Uma vez conversei com ele. Muito rápido. Encontrei com o cara no corredor da TV que trabalho. Ele ia participar de um programa. Foi muito simpático comigo, mas interrompeu a conversa ao ser informado por um assessor que a Mallu Magalhães tinha aceitado recebê-lo pra eles se conhecerem no camarim. Justo a mina do cara que ele deu uma linda cabeçada num aeroporto. Como criança feliz, foi ver a não menos infantil cantora (que graças a Deus desapareceu!).

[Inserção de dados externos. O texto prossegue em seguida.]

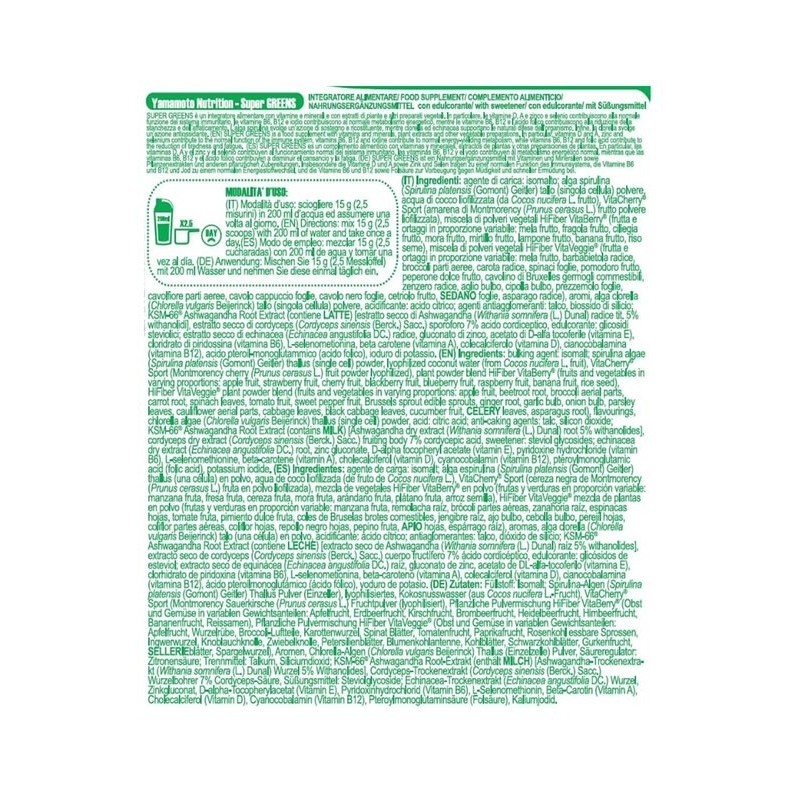 Yamamoto® Nutrition Super GREENS es un suplemento alimenticios compuesto único y exclusivamente por una combinación de más de 50 fitonutrientes procedentes de extractos de plantas, concentrados de frutas y hortalizas, vitaminas y minerales. No contiene azúcar, aromas artificiales, colorantes ni edulcorantes, que suelen encontrarse en productos similares. Se trata de una verdadera mezcla de principios activos naturales caracterizada por una muy elevada ORAC (Capacidad de Absorción de Radicales de Oxígeno, por sus siglas en inglés); es decir, está compuesta por vegetales capaces de absorber los radicales libres de oxígeno, gracias a su alto contenido en polifenoles, antocianinas, proantocianidinas y bioflavonoides.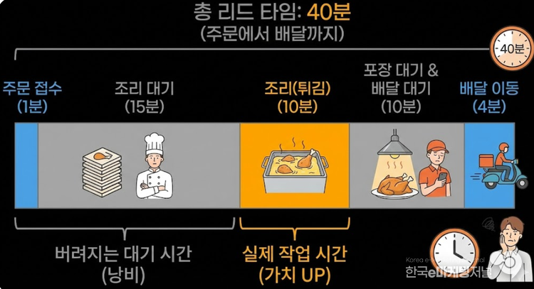 여기서 중요한 것은 튀기거나 포장하는 실제 작업 시간보다, 앞선 주문이 밀려 튀김기 앞에서 대기하는 시간이나 완성된 치킨이 배달원을 기다리는 시간이 훨씬 길다는 점이다. 생산관리에서는 제품의 가치를 직접 높이는 시간과 단순히 머물러 있는 '대기 시간'을 엄격하게 구분한다.

Hoje, quando lembro do Chorão, eu fico feliz. Ele viveu o sonho dele. Errou pra caramba. Mas tenho certeza de que foram mais acertos. Como músico, Chorão foi um vocalista impecável. Tinha personalidade, apavorava no palco. Dançava, cantava, empolgava. Colocava pra fora a alma.
Aprendi com um jornalista muito mais malandro do que eu que a gente não deve nunca nos aproximar de nossos ídolos. Chegar tão perto faz a gente ver que eles são falíveis, com tantos defeitos quanto a gente. A decepção é inevitável, porque a gente espera que eles sejam perfeitos.
Hoje, quando eu lembro do Chorão, o vejo sorrindo e cantando. Um ídolo. Longe de mim. Há um ano, longe desse mundo. Eternizado com sua arte.
*Tiago Moler é jornalista, apaixonado por música e futebol.